As pointed out by Caleth and Deduplicator above, this doesn't work with virtual inheritance. See my last comment to Deduplicator's answer for the reason why. As an aside, it's interesting to me that there is significant runtime overhead when accessing instance variables in the base class when using virtual inheritance. I hadn't realised that.

Also, the following simple macro is easier to use and works correctly with multiple inheritance with clang (so much for all those fancy templates):

#define member_offset(classname, member) \
    ((int) ((char *) &((classname*) nullptr)->member - (char *) nullptr))

You can test this with gcc and clang at Wandbox:

#include "stdio.h"

#define member_offset(classname, member) \
        ((int) ((char *) &((classname *) nullptr)->member - (char *) nullptr))

struct a { int m1; };
struct b { int m2; };
struct c : a, b { int m3; };

int main (void)
{
    int m1_offset = member_offset (c, m1);
    int m2 = member_offset (c, m2);
    int m3 = member_offset (c, m3);
    printf ("m1_offset=%d, m2=%d, m3=%d\n", m1_offset, m2, m3);
}

Output:

m1_offset=0, m2=4, m3=8

But if you use this macro with a class that uses virtual inheritance, you get a SEGFAULT (because the compiler needs to look inside the object to find the offset of that object's data members and there is no object there - just a nullptr).
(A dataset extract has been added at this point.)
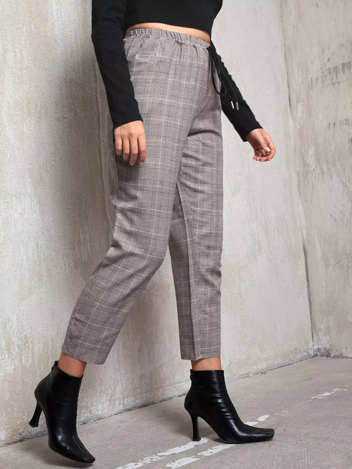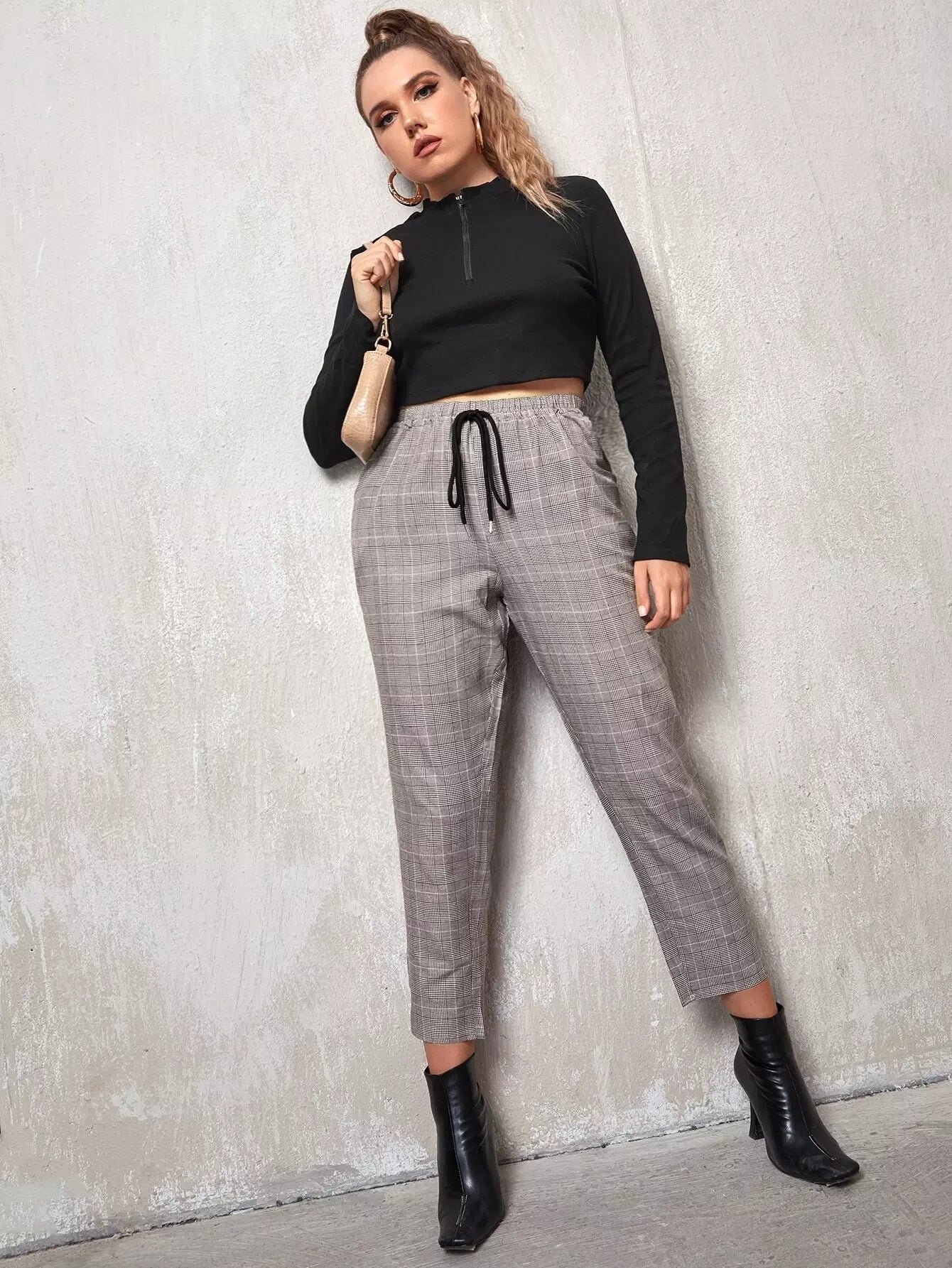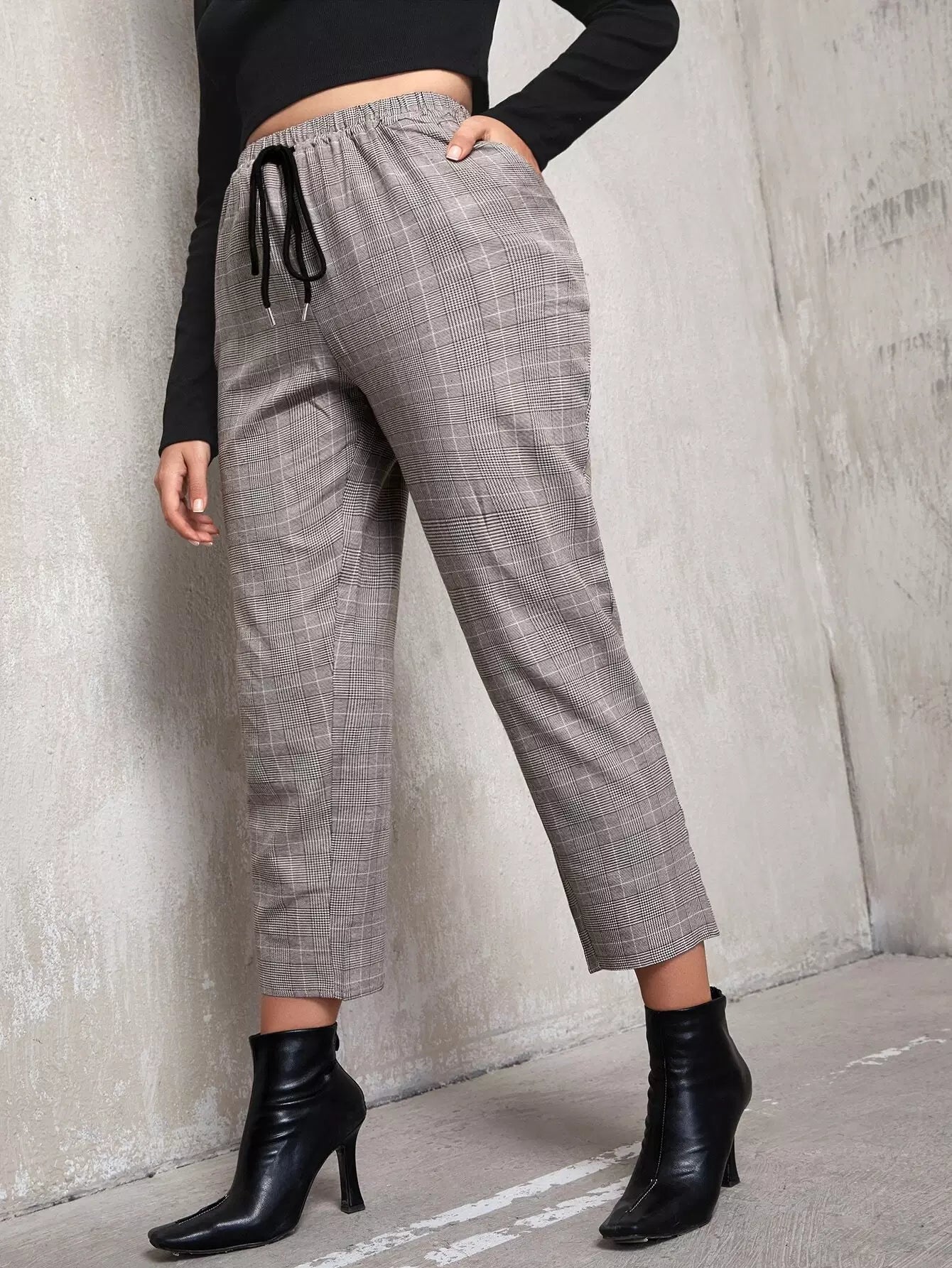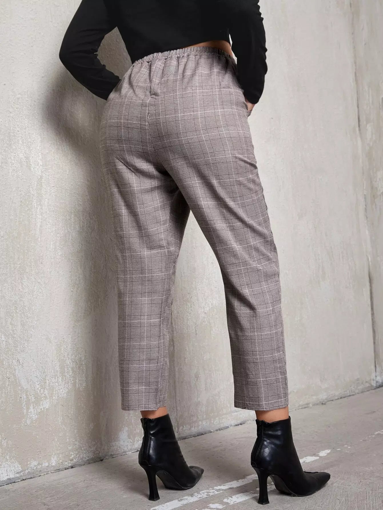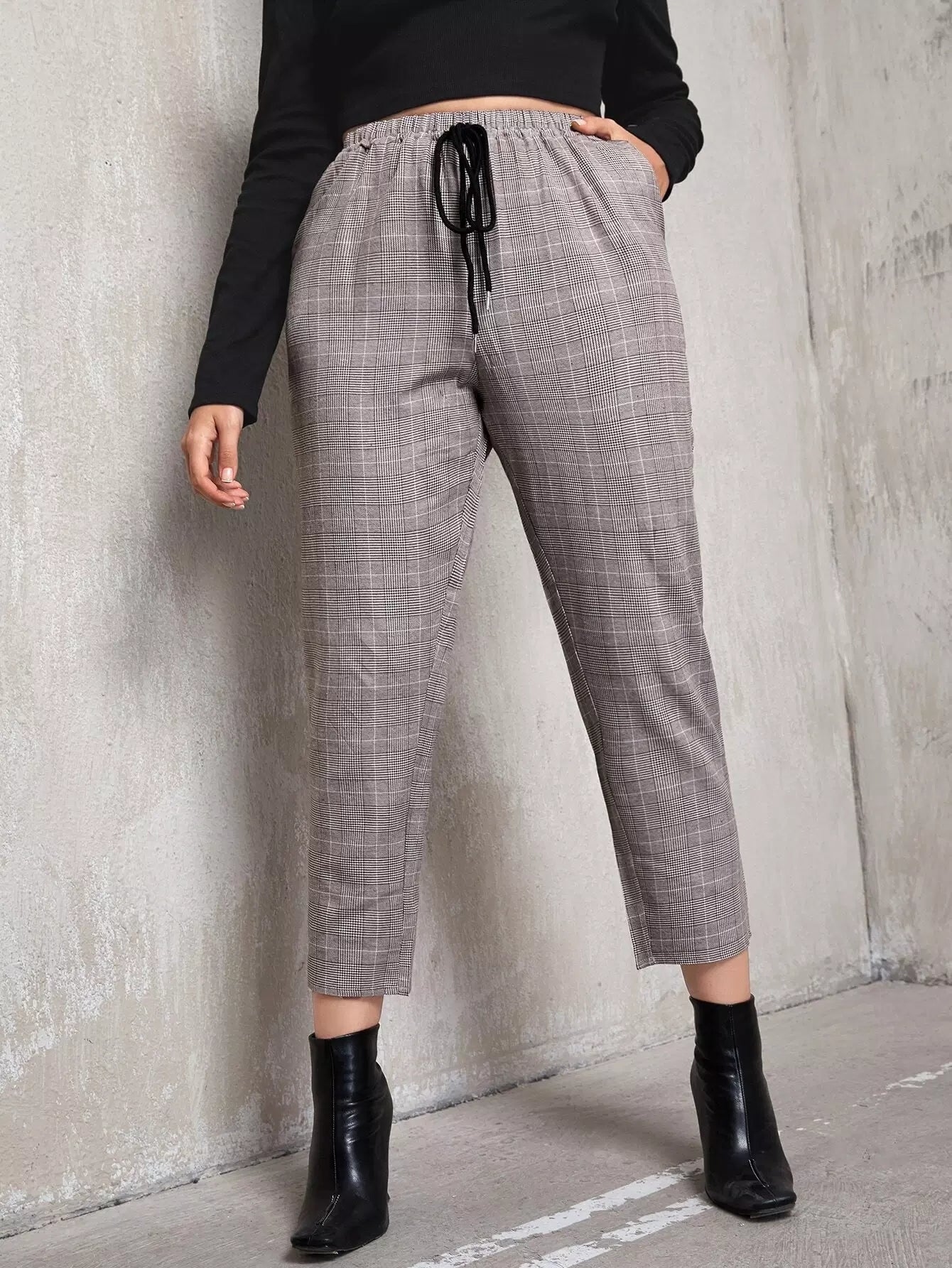 Plus Tie Front Plaid Tapered Pants
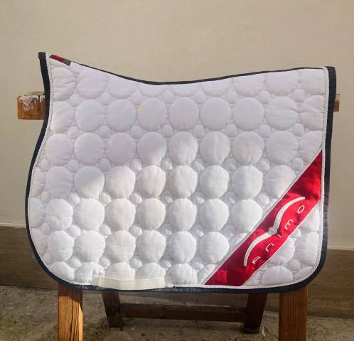 Sottosella Animo Bianco con bordi Navy Blu e Logo In Rosso.

So, the answer to the OP's question is that you do need an instance to do this in the general case. Maybe have a special constructor that does nothing to create one of these with minimal overhead.

SECOND EDIT

I thought about this some more, and it occurred to me that instead of saying:

int mo = member_offset (c, m);

You should instead say:

constexpr int mo = member_offset (c, m);

Then the compiler should alert you if class c is using virtual inheritance.

Unfortunately, neither clang nor gcc will compile this for any kind of class, virtual inheritance or not. MSVC, on the other hand, does, and only generates a compiler error if class c uses virtual inheritance.

I don't know which compiler is doing the right thing here, insofar as the standard goes, but MSVC's behaviour is obviously the most sensible.